Persuasion industry’s assault on personhood

In Shifting Involvements Albert Hirschman cites this 1971 paper by philosopher Harry Frankfurt (who has since gone on to mild mainstream notoriety because of his treatise On Bullshit), in which he calls attention to “second-order desires”, or the desires we have about our primary desires. These are what we want to want and, according to Frankfurt, make up the substance of our will, and whether or not we experience it as being free. Frankfurt theorizes that “the conformity of a person’s will to his higher-order volitions may be far more thoughtless and spontaneous” than it is for others, who agonize over being able to act on their preferred desires (e.g.: I want to read Marx; I end up playing 1942 on a video game emulator). “The enjoyment of freedom comes easily to some,” Frankfurt notes somewhat depressingly, “others must struggle to achieve it.”

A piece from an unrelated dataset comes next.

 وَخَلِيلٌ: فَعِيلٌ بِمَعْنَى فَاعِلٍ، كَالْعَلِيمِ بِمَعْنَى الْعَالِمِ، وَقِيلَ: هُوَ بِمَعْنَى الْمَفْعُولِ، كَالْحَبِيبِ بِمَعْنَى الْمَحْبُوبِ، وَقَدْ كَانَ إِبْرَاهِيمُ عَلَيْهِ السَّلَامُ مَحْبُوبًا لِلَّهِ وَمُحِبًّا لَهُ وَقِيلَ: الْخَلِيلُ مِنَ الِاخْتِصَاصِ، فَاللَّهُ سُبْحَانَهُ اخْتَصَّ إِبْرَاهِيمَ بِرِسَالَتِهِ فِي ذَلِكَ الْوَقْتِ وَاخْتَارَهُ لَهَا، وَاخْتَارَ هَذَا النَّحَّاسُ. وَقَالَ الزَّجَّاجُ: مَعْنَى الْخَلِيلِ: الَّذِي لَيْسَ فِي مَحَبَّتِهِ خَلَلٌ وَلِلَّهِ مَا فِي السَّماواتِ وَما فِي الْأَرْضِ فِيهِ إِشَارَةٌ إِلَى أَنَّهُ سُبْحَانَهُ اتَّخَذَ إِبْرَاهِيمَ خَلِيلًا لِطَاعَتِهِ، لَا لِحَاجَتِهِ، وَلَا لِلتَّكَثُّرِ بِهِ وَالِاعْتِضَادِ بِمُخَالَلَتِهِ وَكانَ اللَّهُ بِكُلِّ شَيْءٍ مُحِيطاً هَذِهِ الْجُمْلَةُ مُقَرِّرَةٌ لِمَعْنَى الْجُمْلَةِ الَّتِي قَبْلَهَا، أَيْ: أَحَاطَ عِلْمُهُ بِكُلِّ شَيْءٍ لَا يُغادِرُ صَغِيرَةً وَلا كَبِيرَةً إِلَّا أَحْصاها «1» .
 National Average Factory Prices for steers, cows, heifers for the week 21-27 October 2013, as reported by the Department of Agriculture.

Hirschman cites Frankfurt’s surprisingly accessible essay merely to highlight the fact that we often have multiple sets of preferences simultaneously, which foils the more simplistic models of neoclassical economics with regard to consumer demand. If we want contradictory things at any given moment, it’s not clear where we will find our marginal utility; if our wants change in the process of satisfying them, then our incentives are in perpetual flux, flummoxing the calculus that is presumed to drive rational decisionmaking. We end up having to commit now to wants we may not possess in the future, or we may reject one desire in favor of another now, only to find they have switched places later. And so on.

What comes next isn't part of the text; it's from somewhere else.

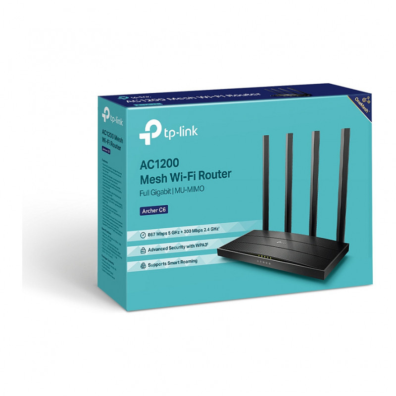 "TP-Link Archer C6. WAN connection type: RJ-45. Wi-Fi band: Dual-band (2.4 GHz / 5 GHz), Top Wi-Fi standard: Wi-Fi 5 (802.11ac), WLAN data transfer rate (max): 867 Mbit/s. Ethernet LAN interface type: Fast Ethernet, Ethernet LAN data rates: 10,100 Mbit/s, Cabling technology: 10/100Base-T(X). Security algorithms: 64-bit WEP, 128-bit WEP, WPA, WPA-PSK, WPA2, WPA2-PSK. VoIP protocols: IPv4, IPv6"\n"Smooth Entertainment with AC1200 Dual Band WiFi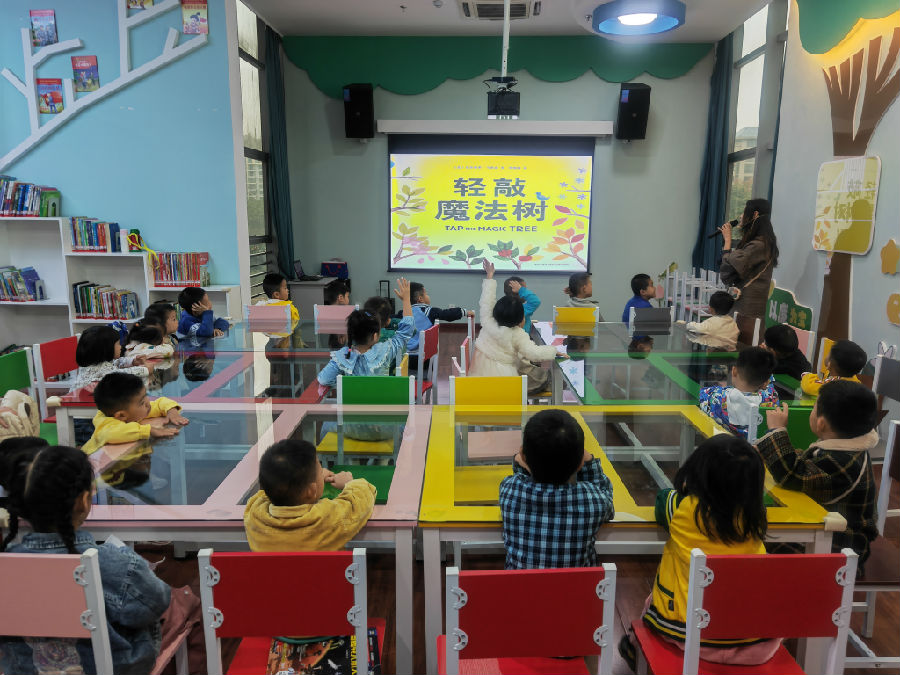 气氛活跃了之后,老师和小朋友共读《轻敲魔法树》,《轻敲魔法树》讲述的是一棵光秃秃的棕色大树有魔法,轻轻敲一下,然后翻到下一页,一片嫩绿的叶子长了出来;继续多敲几下,再试着摇摇它,摸摸它,给它一个飞吻……花开了,苹果长出来了,树叶在秋风中飘落下来……

But Frankfurt’s essay seems also to have a bearing on the larger question of how the persuasion industry (marketing, advertising, and to some degree, entertainment) scuttles our sense of selfhood, which, Frankfurt argues, hinges on our expression of will. The persuasion industry is seeking always to confuse the communication between our first- and second-order desires; it’s seeking to short circuit the way we negotiate between the many things we can conceive of wanting to come up with a positive will to want certain particular things at certain moments. It seeks to make us more impulsive at the very least; at worst it wants to supplant our innate will with something prefabricated that will orient us toward consumer goods rather than desires that are able to be fulfilled outside the market. This can occur without our having been persuaded directly by the advertising messages, simply by overloading us with information and unleashing the “paradox of choice” and worse, optional paralysis. Frankfurt describes it this way:

People are generally far more complicated than my sketchy account of the structure of a person’s will may suggest. There is as much opportunity for ambivalence, conflict, and self-deception with regard to desires of the second order, for example, as there is with regard to first-order desires. If there is an unresolved conflict among someone’s second-order desires, then he is in danger of having no second-order volition; for unless this conflict is resolved, he has no preference concerning which of his first-order desires is to be his will. This condition, if it is so severe that it prevents him from identifying himself in a sufficiently decisive way with any of his conflicting first-order desires, destroys him as a person. For it either tends to paralyze his will and to keep him from acting at all, or it tends to remove him from his will so that his will operates without his participation. In both cases he becomes, like the unwilling addict though in a different way, a helpless bystander to the forces that move him.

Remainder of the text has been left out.